Moved from Forum italiano (Italian) to Forum di discussione italiano.

----------

## .:deadhead:.

probabilmente la cosa più semplice è salvare i dati con l'altro OS e poi rimetterceli.

Ma poi... se il tuo amico ha inserito dei dati e non usa linux, se tu lo riformatti poi sarà lui a non poterci più accedere, o sbaglio?

----------

## Franco191075

Io adesso non sò per quale motivo la western digital faccia di queste scelte, ho visto sul sito per questo hd parlano di AFS (Advanced File System), a suo tempo per i miei hd interni invece dicevano che dovevano essere assolutamente formattati col loro software solo in un unica partizione e solo ed esclusivamente NTFS, diversamente l'HD si sarebbe danneggiato.

A mio avviso come dire che su un quaderno ci puoi scrivere solo in inglese perchè se ci scrivi in italiano si strappano le pagine, infatti come l'ho letto ho fatto una bella cancellazione con dd e varie partizioni EXT e tutto funziona egregiamente da circa 7 anni

Quindi secondo me formattandolo in una normalissima partizione NTFS l'hd funzionerà egregiamente su Linux, Windows, Machintosh, Pippo...

Comunque c'erano su circa 500GB di dati e siccome non era mio ho lasciato perdere e restituito, mi interessava sapere se era possibile riparare il filesystem senza perdere i dati

Certe cose mi lasciano sempre piuttosto perplesso, come continuare ad usare FAT su chiavetta, un filesystem di 32 anni fa, utile solo a windows, un OS da 200 euro buono solo per giocarci a frisbie

----------

## djinnZ

 *Franco191075 wrote:*   

> The device '/dev/sdb1' doesn't seem to have a valid NTFS.
> 
> Maybe the wrong device is used?
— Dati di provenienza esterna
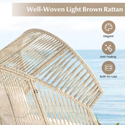 Enhance your relaxation experience with this sophisticated oversized egg chair, suitable for both indoor and outdoor use. With its ergonomic design and generous seating area, this chair guarantees endless comfort. Crafted with a high-quality light brown rattan weave for durability and style, it also comes with dual 12″ thick cushions and a padded headrest for ultimate relaxation. The cushion covers are breathable and skin-friendly. Supported by a sturdy X-shaped metal frame, this egg chair can hold up to 400 lbs, making it a stable and elegant choice for any home or garden. Add a touch of luxury and comfort to your living space with this stylish and cozy egg chair.

Or the whole disk instead of a
> 
> partition (e.g. /dev/sda, not /dev/sda1)? Or the other way around?

 Ho appena finito di combattere con i tool di recupero, con scarsi risultati.

Cercando lumi per prevenire il problema mi sono imbattuto in questo post e faccio lo sforzo di spiegare qualcosa. Tanto per sfogarmi più che per essere utile.

Sicuramente il proprietario dell'HD ha windozz, che da autentica merdaccia di sistema operativo qual è, combina solo guai.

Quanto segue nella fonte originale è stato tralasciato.